To try out the iRoCS Toolbox in action without having an Arabidopsis root tip recording at hand, we provide sample datasets in HDF5 format.

Dataset description Data channel Datatype Filesize Download
DAPI stained Arabidopsis root tip up to a length of 150μm from QC /t0/channel0 8 Bit (unsigned char) 71 MB rootTip_short.h5
DAPI stained Arabidopsis root tip up to a length of 500μm from QC /rawdata/stitched_weighted_ch0 32 Bit (floating point) 698 MB rootTip_long.h5
Arabidopsis root tip after pseudo Schiff staining up to a length of 600μm from QC /stitched_weighted_ch0
/L (segmentation masks)
16 Bit (unsigned short) 607 MB PI_root.h5

Usage

The input-output file format of the iRoCS Toolbox is HDF5. HDF5 is a general file format for storing arbitrary-dimensional raw data and corresponding meta-data in an hierarchical structure. The iRoCS Toolbox does not support proprietary file formats from the different microscope manufacturers. To convert your data into HDF5, we recommend to use ImageJ and the HDF5 ImageJ-plugin.

Once you converted your dataset into HDF5, you can start the iRoCS Toolbox and import the raw data channel using Channel->Import Channels. Choose the dataset out of the HDF5 tree structure and click OK. The dataset is loaded, which may block the application for a short period of time. Depending on the dataset type, you may need to adjust the gray value range to see your data. For floating point data types this can be done by checking the normalize checkbox or by manually adjusting the gray value bounds using the spin boxes, for integral data types (usually 8-Bit, 12-Bit or 16Bit) the corresponding preset range can be selected or the normalize button pressed, in the channel properties snap-in on the right of the iRoCS Toolbox main window.
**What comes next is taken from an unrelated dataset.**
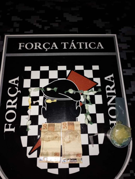 Na busca pessoal, os policiais localizaram mais 11 invólucros da mesma substância e a quantia de R$ 100,00 em espécie, que seria proveniente da venda de drogas, segundo a corporação.

You should eventually save your project using File -> Save, and can load already processed files using File -> Open. You can savely use the same name for the original file and for the annotated one, the annotations will be just added to the file. If you want to use the information stored in the markers from outside the iRoCS Toolbox you can directly access the metadata, which are stored in an hdf5-group corresponding to the channel name. The group contains one dataset for each attribute, the datasets contain as many entries as markers are present in the channel. MATLAB contains functions for directly interacting with HDF5 files (hdf5read, hdf5write, ...). You can also export your data to tables of comma separated values (CSV) for import into other applications like e.g. Microsoft® Excel©.

Nucleus Detection

To automatically detect the nuclei of the loaded dataset choose Plugins -> 01 - Detect nuclei. Select the channel for detection (the one you just loaded). Choose a name for the annotation channel that will be generated (this can be changed later on in the channel properties). If you want to reuse the features later on in the pipeline choose a name for an auxiliary file to store the extracted voxelwise features to. Finally select the file nucleusDetector_svmModel.h5 as model file and click OK. The nucleus detection will start and indicate progress.

Epidermis Labeling

Once the candidates are detected you can continue with the epidermis labeling. Select Plugins -> 02 - Label Epidermis setup the plugin and run it. This time choose as model epidermisLabelling_svmModel.h5. The classification will be much faster than the detection. The most time consuming part is the file IO for reading in the features (when you selected the same feature file as in the detection step) or re-computing them if you chose a different feature file. When the classification is finished epidermis nuclei should be labeled 2 (cyan), background 0 (black), and other nuclei -1 (white). Mitoses are indicated by a double circle.

Attach Coordinate System

Now you have to manually select the Quiescent Center. For this, create a new annotation channel using Channel -> New Annotation Channel. The marker type is not important. Scroll into the plane showing the quiescent center and mark it by a click. A new marker should appear. Now you can run Plugins -> 03 - Attach iRoCS. As marker channel select the channel containing the nucleus candidates, and as qc channel select the newly created one. The coordinate system attachment itself should be very fast and generates a new channel showing the estimated axis as projection within the three orthographic views. In the information snap-in the last entry should be a tripel of values, that shows the cursor position in iRoCS-coordinates (z, r, phi) while moving the mouse over the dataset. You can switch back to the nucleus candidate channel and choose the operation Edit Marker. Click a candidate in the orthoview, and check the Show all checkbox in the Marker Control widget. Additional read-only fields appear. The root intrinsic nucleus coordinates can be found in the attributes QC distance, Radial Distance and Phi. If the coordinate system has been attached successfully these values should be different from -1 and correspond to the live output.

Layer Assignment

You can now assign the nucleus candidates to the root layers incorporating the intrinsic marker positions. For that select Plugins -> 04 - Assign Layers. Follow the instructions and select layerAssignment_svmModel.h5 as Model file. The labels will be updated according to the following color encoding:

Label Cell layer Color
-1 unknown white (#FFFFFF)
0 no nucleus (background) black (#000000)
1 root cap blue (#0000FF)
2 epidermis cyan (#00FFFF)
3 cortex green (#00FF00)
4 endodermis yellow (#FFFF00)
5 pericycle red (#FF0000)
6 vasculature brown (#AA5500)